The Crystallographic Community

Nobel Prize in Chemistry 1985

Herbert A. Hauptman and Jerome Karle

for their outstanding achievements in the development of direct methods for the determination of crystal structures

[H. Hauptman][H. Hauptman and the King of Sweden]

Herbert A. Hauptman
Born New York City, 14 February 1917, died 23 October 2011

Hauptman obtained a BS degree in mathematics from the City College of New York (1937) and an MA in mathematics from Columbia University (1939). After the war he commenced a collaboration with Jerome Karle at the Naval Research Laboratory in Washington, D.C. (1947) and at the same time enrolled in the PhD program at the University of Maryland, tackling the phase problem of X-ray crystallography, his doctoral dissertation being entitled "An N-Dimensional Euclidean Algorithm". By 1954 he had received his PhD and he and Dr Karle had laid the foundations of the direct methods in X-ray crystallography. Their 1953 monograph, "Solution of the Phase Problem I. The Centrosymmetric Crystal", contains the main ideas, the most important of which was the introduction of probabilistic methods, in particular the joint probability distributions of several structure factors, as the essential tool for phase determination.

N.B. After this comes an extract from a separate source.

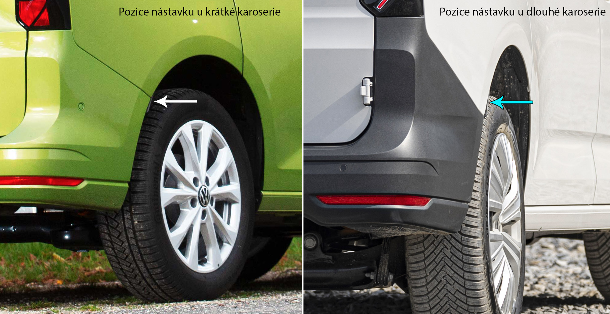 Zajímavost: pátral jsem, proč některé kusy mají tyto plastové minizástěrky za zadními koly a některé ne. Původně jsem se domníval, že byly přidány v rámci modelové péče někdy od roku 2024 a jejich smysl je buď aerodynamický nebo mají funkci okapničky. Ale není to tak. Totiž některé Caddy je mají od počátku výroby a některé ne (můj vůz např.). Proč? Klíčem není ani délka karoserie, ani výbavový stupeň, nýbrž velikost kol: 15" a 16" se obejdou bez nich, 17" a 18" je mají. Nemají žádný praktický přínos, jejich přítomnost je vyžádána homologačním předpisem, jenž praví, že kolo musí být uvnitř karoserie. Což u širších kol právě tento přílepek zajistí.

In 1970 he joined the crystallographic group of the Medical Foundation of Buffalo, replacing Dr Dorita Norton as Research Director in 1972. During the early years of this period he formulated the neighborhood principle and extension concept, the latter independently proposed by Giacovazzo under the term "representation theory". These ideas laid the groundwork for the probabilistic theories of the higher order structure invariants and seminvariants which were further developed during the late 1970s by Hauptman and others. During the 1980s he initiated work on the problem of combining the traditional techniques of direct methods with isomorphous replacement and anomalous dispersion in an attempt to facilitate the solution of macromolecular crystal structures. This work continues to the present time. More recently he formulated the phase problem of X-ray crystallography as a minimal principle in the attempt to strengthen the existing direct methods techniques along with colleagues Charles Weeks, George DeTitta and others.

The Hauptman-Woodward Medical Institute has published an obituary.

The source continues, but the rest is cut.